In particolare in alcuni dei lavori contenuti in questo libro (Lombardozzi, Jaffé) si sente fortemente presente questa figura; in ascolto nei confronti del gruppo,  narratore-interprete nei confronti del lettore. A volte si vorrebbe capire di più sul coinvolgimento del conduttore nelle diverse fasi del gruppo, sul dialogo emotivo tra il gruppo e il conduttore.

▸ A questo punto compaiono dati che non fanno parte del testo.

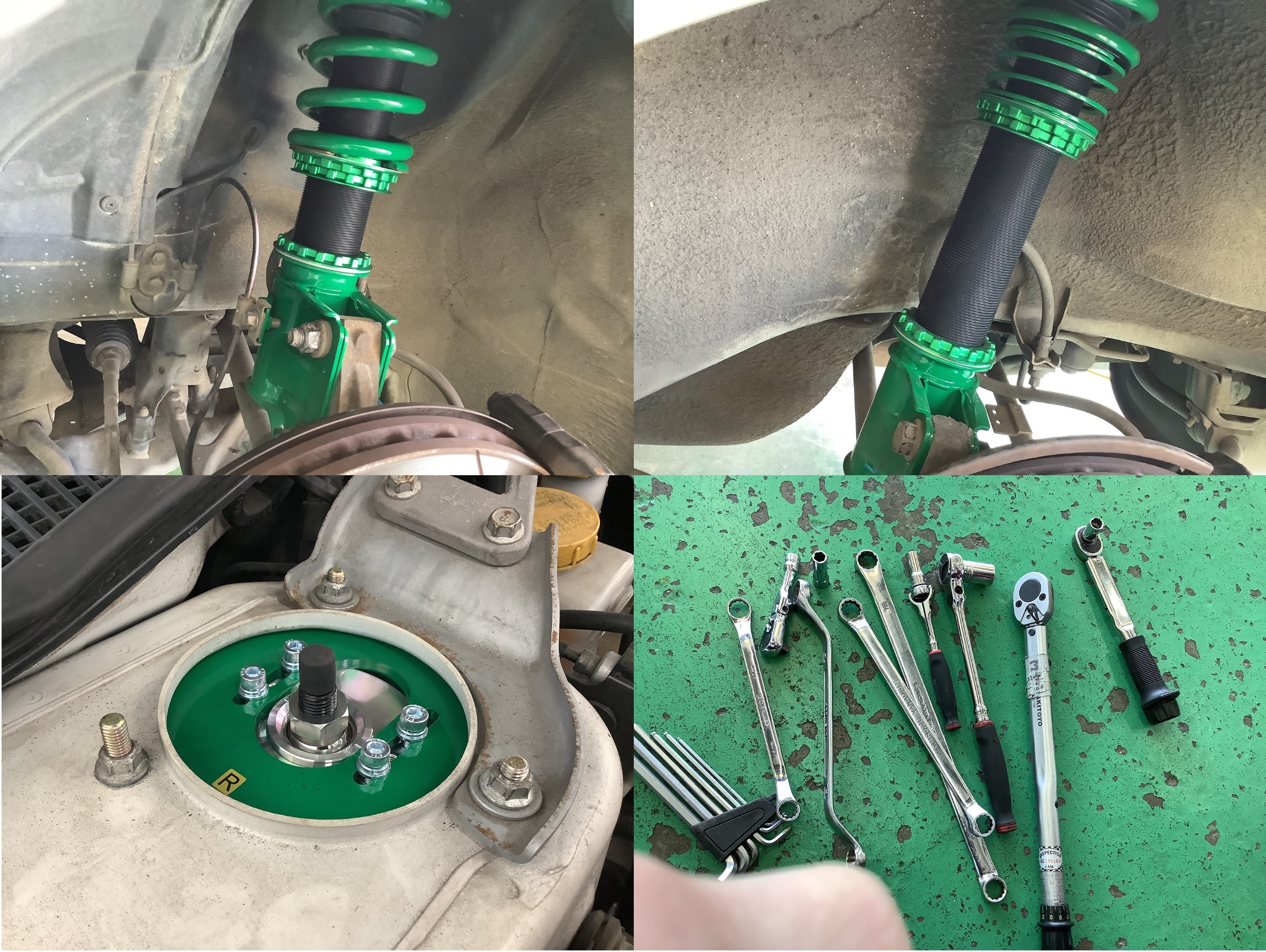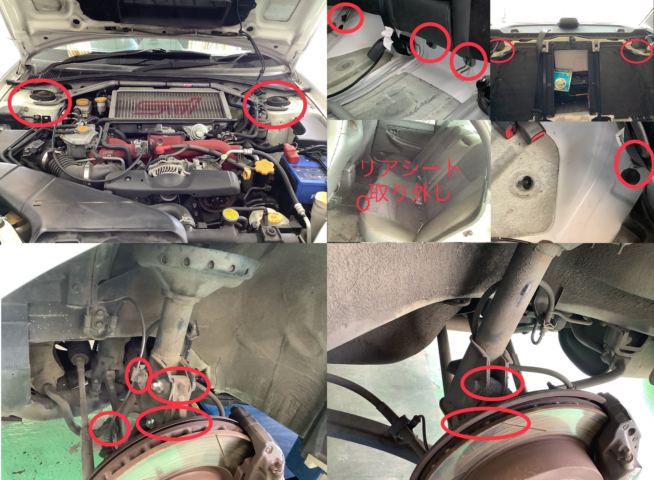 緩めるポイントは、今回、リアシートを外しての作業が伴います。他は、特段、前後ストラット、年代によっては、ボルト、ナット固着によるトラブルを注意しながらの作業になります。

Nei gruppi di bambini si scopre a proprie spese che calarsi nel gruppo vuol dire non solo tollerare il caos primordiale, mantenendo la fiducia che insieme si arrivi a un cosmos comprensibile, ma anche condividere con i bambini i vissuti dolorosi di impotenza del pensiero, di  indebolimento del nostro strumento principale di elaborazione e di comunicazione, trascinati in una mancanza di senso che disorienta. A volte invece ci si sente quasi accuditi dal gruppo, che sembra lavorare benissimo per forza propria.
In certi momenti restare adulto senza cedere alla tentazione di riprendersi il potere sul gruppo non è facile, in altri ci sembra di poter sostare in una situazione di tranquilli spettatori e ci si ritrova l’istante dopo in un caos di protesta.
Non manca nel libro, come per esempio nel lavoro di Maria Luisa Mondello, l’attenzione ai genitori, all’importanza di aiutarli a ritrovare col proprio figlio una comunicazione autentica, spesso resa dolorosamente difficile dalla patologia che fa sentire il figlio un estraneo. Nel corso di questi anni mi sembra di assistere ad una sempre più evidente difficoltà dei genitori a riconoscere nel bambino la diversità dall’adulto, ma soprattutto la sua  mobilità e le sue potenzialità di cambiamento. Credo ci sia un enorme lavoro da fare per capire fino in fondo le difficoltà genitoriali in modo da mettere i genitori in grado di crescere insieme ai loro figli.